In an ideal world a literary life means (to me) being able to work at my writing full-time. Since I live in the Silicon Valley where housing is outrageously expensive, that makes it tough. I could ask my husband to live in bad part of town where the environment seriously affects my ability to create (and not in a good way) but we've "been there, done that" and boy, that SO did not work. Which means I need to keep the DDJ where I work in the engineering department for a tech company. You might have guessed that has nothing to do with writing. And it is frustrating as heck. Go ahead, tell me how John Grisham wrote while he was working as a lawyer and any number of other famous writers, more famous than I could ever hope to be, did the same thing and I say, "Good for them." I DO write while I balance the day job but it is not my ideal literary life and that is what I am trying to build. Maybe it is Pollyanaish of me to even imagine being able to do so while living here in the Silicon Valley (and moving out of the area is not an option) but Pollyana has worked for me over the years. She's part of my "fake it til you make it" aresnal.

I love to write and I love the Internet and it seems to me that a writer ought to be able to combine her tech knowledge with her craft and make a living of sorts. That's my plan. I am not so naive as to expect I stay home and write children's books full-time and match my current salary. I know I need to work at many things and that's okay. I just want them to be related to my career and not to building more widgets for a tech coblogginmpany. We have enough widgets in the world already, thank you very much. My thought is that it is time to get back to work on my adult book projects. One I could have back out in the mail in a week if I would just move it to the top of my list. (Note to self: finish BOR.) I love to speak but in order to make decent money at it with school visits I would need to do a lot of it which would mean taking the time off work (which cuts into my vacation) and right now that doesn't seem like the best use of my time. I will be picky about the speaking gigs I take on right now merely because of the time investment required. I need to do more articles, maybe try some essays, branch out into other writing areas that appeal to me. But it is scary because it means starting over in a place where I am a beginner and have no connections. (sigh)

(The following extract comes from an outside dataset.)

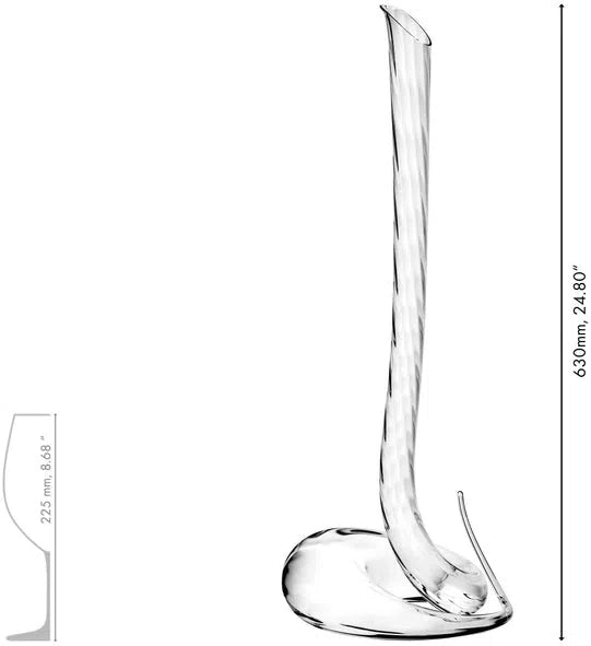 The Riedel Cobra Decanter Magnum is a stunning, handcrafted masterpiece designed to accommodate magnum-sized bottles (1.5L). Inspired by Riedel’s iconic Eve Decanter, this decanter features a serpentine design that provides double aeration, allowing both young and aged wines to develop their full character. Each handmade piece is meticulously crafted by master glassmakers, ensuring every decanter is unique. The elegant curves and optic detailing make it a functional work of art, perfect for serious wine enthusiasts and collectors.

For now, the biggest project in front of me is still to finish the website redesign. Once that is launched I can promote it, and me, at the same time as well as my books and my writing workshops (taught online, of course) and anything else I can think of.

And that's how it will happen. My literary life. Taking steps, little as they might be, toward my goal. One literary life step a day. That's all I ask of myself-to do one thing every day that will help me live a literary life.

I feel like I need a pep talk. Time to go back and reread one of my favorite books Making a Literary Life by Carolyn See.

Write on, right now.

Previously posted on my original blog - Write on Right Now! 
I am moving all old post into this journal.

There are so many stories only you can tell.Tell them, please.



WHO AM I?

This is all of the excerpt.